Gazzola unicolor Rothschild and Hartert

Gazzola unicolor Rothschild and Hartert, 1900: 29 (Banggai, Sula Islands).

Now Corvus unicolor (Rothschild and Hartert, 1900). See Hartert, 1919: 125; Vaurie, 1958: 8–9; White and Bruce, 1986: 322; Dickinson et al., 2004c: 93–95; Dickinson et al., 2004b: 123; dos Anjos, 2009: 620; and Mallo et al., 2010.

LECTOTYPE: AMNH 673967, sex?, collected at Banggai Island, 01.37S, 123.33E (White and Bruce, 1986: 490), Kepulauan Banggai (5 Banggai Archipelago), Indonesia, undated, purchased from [K.] Dunstall. From the Rothschild Collection.

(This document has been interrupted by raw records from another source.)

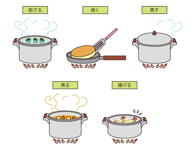 食品で最も一般的な加熱処理が「茹でる」「焼く」「蒸す」などの調理・加工です。サラダや刺身のような新鮮な食材を生で食べるケースを除けば、食品の多くは熱処理を経て私たちの食卓に並びます。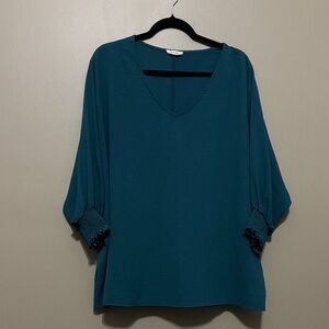 Kaileigh Blue Asymmetrical Flutter Sleeve Blouse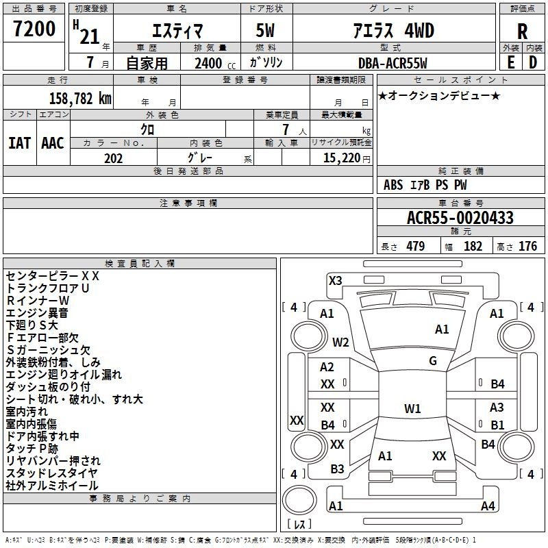 TOYOTA ESTIMA - лот 7200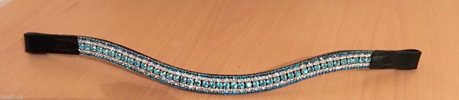 BLING!*Dressage*Mega-Sparkly Browband*5Row Crystals*Turquoise/CLEAR BLACK cob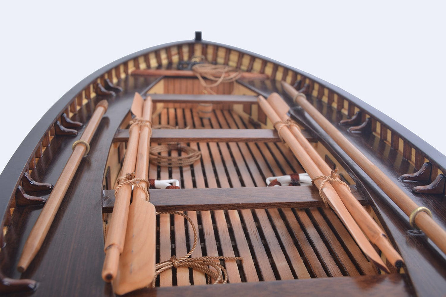 The RMS Titanic’s lifeboat model will surely bring back the memory of the most tragic sea disasters in modern history. Lifeboat 7 was a wooden starboard lifeboat and the first one to be lowered from the sinking Titanic. Although there was a capacity of 65 people, it left with only 28 people on board, thus with 37 empty seats. The reason why was that many women and children were reluctant to enter a small wooden lifeboat and preferred to stay on the massive ’unsinkable’, but sinking, Titanic.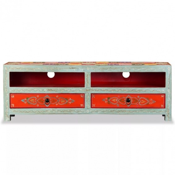 Este mueble para el televisor único agregará un toque de color y será un llamativo aporte a su sala de estar o dormitorio. Con su llamativo diseño, este soporte de TV pintado a mano será un verdadero tema de conversación cuando invite a su invitados. El mueble para la TV está hecho de madera de mango que es maciza, estable, duradera y bonita. Su artesanía se suma a su espectacular estilo retro. El mueble para aparatos HiFi presenta detalles decorativos ricos pintados a mano que destilan un toque de elegancia y resaltan el aspecto refinado. Los prácticos tiradores hacen que sea más fácil abrir los cajones y agregar al estilo distintivo del gabinete. El soporte para TV tiene 1 compartimento y 2 cajones, y proporciona un amplio espacio para mantener ordenadamente organizado su reproductor de DVD, consola de juegos, dispositivo de transmisión y soportes multimedia. Gracias a las ranuras de la parte posterior, puede ocultar los cables de alimentación detrás del armario para mantenerlos fuera de la vista. La parte superior de colores es ideal para mantener su televisor o mostrar elementos decorativos. El soporte de TV también se puede usar como armario lateral, tablero bajo, aparador, etc. Nota: El artículo se entrega totalmente montado.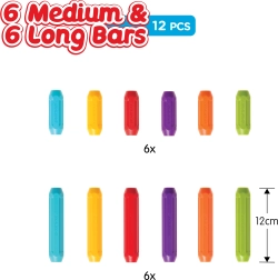 Set vsebuje palice v različnih barvah, ki spodbujajo ustvarjalnost in omogočajo izdelavo privlačnih, barvitih konstrukcij.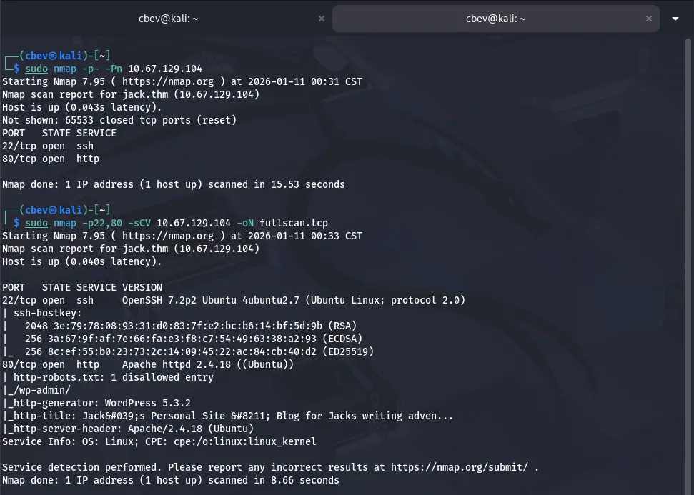 After adding jack.thm to my /etc/hosts file, I start with an Nmap scan on the given IP to find running services.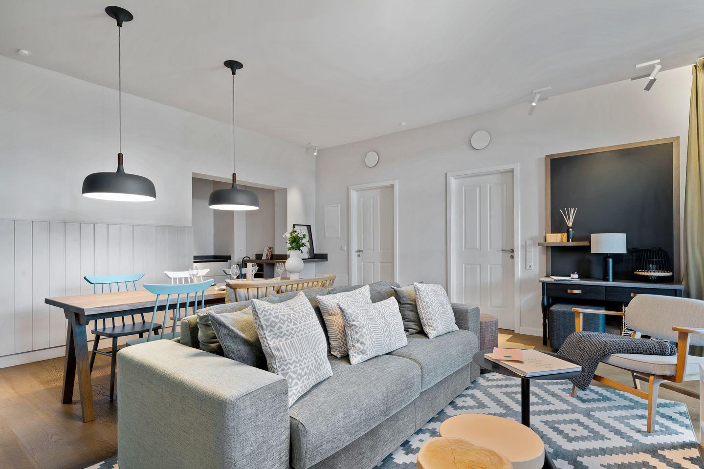 Die offene und exklusive Küche ist komplett ausgestattet und ideal für alle, die gerne selbst kochen. Hier finden Sie alle notwendigen Küchenutensilien sowie Hochwertige E-Geräte wie einen Induktionsherd, einen Backofen, eine Spülmaschine, eine Kaffeemaschine um Ihren Morgen mit einer Tasse frisch gebrühten Kaffee zu beginnen. Der eingerichtet Wohnbereich ist hell und exklusiv gestaltet und verbindet sich harmonisch mit der Küche. Gemütliche Abende können Sie beim Fernsehen verbringen; die Ferienwohnung ist mit zwei TV-Geräten ausgestattet, sodass Sie Ihre Lieblingssendungen in beiden Bereichen genießen können.

COMMENTS: This name is based on two specimens. No type was designated in the original description. Although Hartert (1919: 125) listed only a ‘‘Type,’’ his listing did not distinguish between the two specimens. Both specimens were included in the type collection at AMNH as syntypes of unicolor. However, only AMNH 673967 had a Rothschild type label, indicating that it was Rothschild’s and Hartert’s intended type, and only it was listed as a type when the Rothschild Collection was cataloged at AMNH; an AMNH type label had been added to AMNH 673966, indicating that the two specimens were syntypes. Mallo et al. (2010: 177) designated AMNH 673967 the lectotype in order to remove the original ambiguity. The second specimen, AMNH 673966, becomes the paralectotype of unicolor. Both are retained in the type collection with added labels indicating their present status.

When Hartert (1919: 125) published on the Rothschild types, he noted that they had received ‘‘a number of well-prepared skins’’ from Banggai, and that he had made sure that they were truly from Banggai Island. The purchase was entered in the manuscript partial list of purchases by Rothschild on 22 November 1900 (Archives, Department of Ornithology, AMNH). Contrary to the usual practice of giving only the total number of specimens, the 28 specimens were listed individually. Most of these specimens came to AMNH with the Rothschild Collection, but none of them have an original label, the locality and ‘‘Native Collector’’ added to a Rothschild Collection label by Hartert.

Hartert (1919: 125) said that the specimens had been purchased from van Renesse van Duivenbode. This must have been a slip of the pen, for according to the listing, the specimens were purchased from Dunstall. I have not been able to find any information on Dunstall, but one other specimen, the type of Rhamphocoelus dunstalli, from Central America or Panama, was said to have been purchased from K. Dunstall (LeCroy, 2012: 80), and BMNH purchased from G.K. Dunstall small lots of birds from Guyana, New Guinea, Australia, and New Zealand in 1896 and 1904 (Sharpe, 1906: 343). Dunstall was perhaps a dealer.